**Collected data**
----------------------------------------
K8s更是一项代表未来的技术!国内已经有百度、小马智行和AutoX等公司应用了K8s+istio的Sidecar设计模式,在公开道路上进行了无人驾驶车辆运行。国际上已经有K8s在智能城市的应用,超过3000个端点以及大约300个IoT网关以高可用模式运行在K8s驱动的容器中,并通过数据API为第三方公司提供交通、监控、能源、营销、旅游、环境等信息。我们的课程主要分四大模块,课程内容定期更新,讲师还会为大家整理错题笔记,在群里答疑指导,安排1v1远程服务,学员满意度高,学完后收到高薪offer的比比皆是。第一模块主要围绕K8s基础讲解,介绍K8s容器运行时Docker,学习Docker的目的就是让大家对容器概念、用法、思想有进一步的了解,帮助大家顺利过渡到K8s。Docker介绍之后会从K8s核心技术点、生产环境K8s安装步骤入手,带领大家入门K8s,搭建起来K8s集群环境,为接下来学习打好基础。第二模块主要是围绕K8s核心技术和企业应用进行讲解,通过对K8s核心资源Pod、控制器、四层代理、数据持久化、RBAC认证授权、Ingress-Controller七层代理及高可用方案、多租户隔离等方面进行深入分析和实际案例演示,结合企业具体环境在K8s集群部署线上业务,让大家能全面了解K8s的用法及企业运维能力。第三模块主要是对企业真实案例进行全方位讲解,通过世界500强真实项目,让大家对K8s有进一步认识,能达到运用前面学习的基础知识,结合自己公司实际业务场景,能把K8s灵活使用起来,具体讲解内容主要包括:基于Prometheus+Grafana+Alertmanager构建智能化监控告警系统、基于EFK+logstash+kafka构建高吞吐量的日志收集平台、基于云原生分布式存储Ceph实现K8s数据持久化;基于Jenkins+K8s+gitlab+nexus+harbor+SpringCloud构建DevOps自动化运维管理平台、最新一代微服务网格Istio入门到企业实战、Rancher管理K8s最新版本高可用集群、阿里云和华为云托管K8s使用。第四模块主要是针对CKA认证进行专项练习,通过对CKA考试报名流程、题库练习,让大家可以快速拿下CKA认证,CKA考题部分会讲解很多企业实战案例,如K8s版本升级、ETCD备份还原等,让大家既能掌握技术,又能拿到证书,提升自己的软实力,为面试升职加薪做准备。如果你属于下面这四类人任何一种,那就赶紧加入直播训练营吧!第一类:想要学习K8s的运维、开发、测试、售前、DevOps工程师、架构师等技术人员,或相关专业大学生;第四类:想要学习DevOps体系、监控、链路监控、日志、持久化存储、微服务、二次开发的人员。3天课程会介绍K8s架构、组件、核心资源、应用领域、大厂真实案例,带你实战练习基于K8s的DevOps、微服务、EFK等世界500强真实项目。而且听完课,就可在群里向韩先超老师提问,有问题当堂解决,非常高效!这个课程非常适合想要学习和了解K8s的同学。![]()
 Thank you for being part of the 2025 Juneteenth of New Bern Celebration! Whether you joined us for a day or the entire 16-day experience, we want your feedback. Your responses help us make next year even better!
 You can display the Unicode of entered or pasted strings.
----------------------------------------
**Work task**
The lines to copy run from the one containing "Thank you for" through the last line above. Copy them exactly and include nothing else.

**Solution for this task**
 Thank you for being part of the 2025 Juneteenth of New Bern Celebration! Whether you joined us for a day or the entire 16-day experience, we want your feedback. Your responses help us make next year even better!
 You can display the Unicode of entered or pasted strings.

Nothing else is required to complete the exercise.